EXERCISE » Below are several entries. Transcribe exactly those lines that fall from the one with "Typ CA296 - dn" through the one with "Again, I look", end lines included.

DATA TO USE »
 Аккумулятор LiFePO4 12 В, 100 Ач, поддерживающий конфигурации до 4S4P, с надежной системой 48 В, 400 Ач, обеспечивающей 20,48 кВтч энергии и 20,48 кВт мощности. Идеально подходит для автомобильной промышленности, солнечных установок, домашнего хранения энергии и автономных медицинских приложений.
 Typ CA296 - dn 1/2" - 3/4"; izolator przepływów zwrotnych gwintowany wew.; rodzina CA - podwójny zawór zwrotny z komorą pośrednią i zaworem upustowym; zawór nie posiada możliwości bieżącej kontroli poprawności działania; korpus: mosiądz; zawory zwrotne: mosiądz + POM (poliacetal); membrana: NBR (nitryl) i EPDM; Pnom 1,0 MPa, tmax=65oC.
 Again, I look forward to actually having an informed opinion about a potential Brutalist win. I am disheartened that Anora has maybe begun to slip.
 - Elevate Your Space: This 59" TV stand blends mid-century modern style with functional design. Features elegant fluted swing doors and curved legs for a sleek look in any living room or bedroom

...

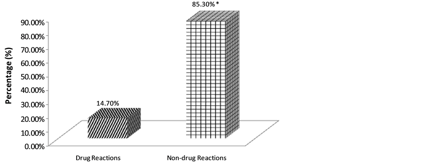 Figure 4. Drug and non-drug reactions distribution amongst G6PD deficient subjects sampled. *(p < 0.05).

RESPONSE »
 Typ CA296 - dn 1/2" - 3/4"; izolator przepływów zwrotnych gwintowany wew.; rodzina CA - podwójny zawór zwrotny z komorą pośrednią i zaworem upustowym; zawór nie posiada możliwości bieżącej kontroli poprawności działania; korpus: mosiądz; zawory zwrotne: mosiądz + POM (poliacetal); membrana: NBR (nitryl) i EPDM; Pnom 1,0 MPa, tmax=65oC.
 Again, I look forward to actually having an informed opinion about a potential Brutalist win. I am disheartened that Anora has maybe begun to slip.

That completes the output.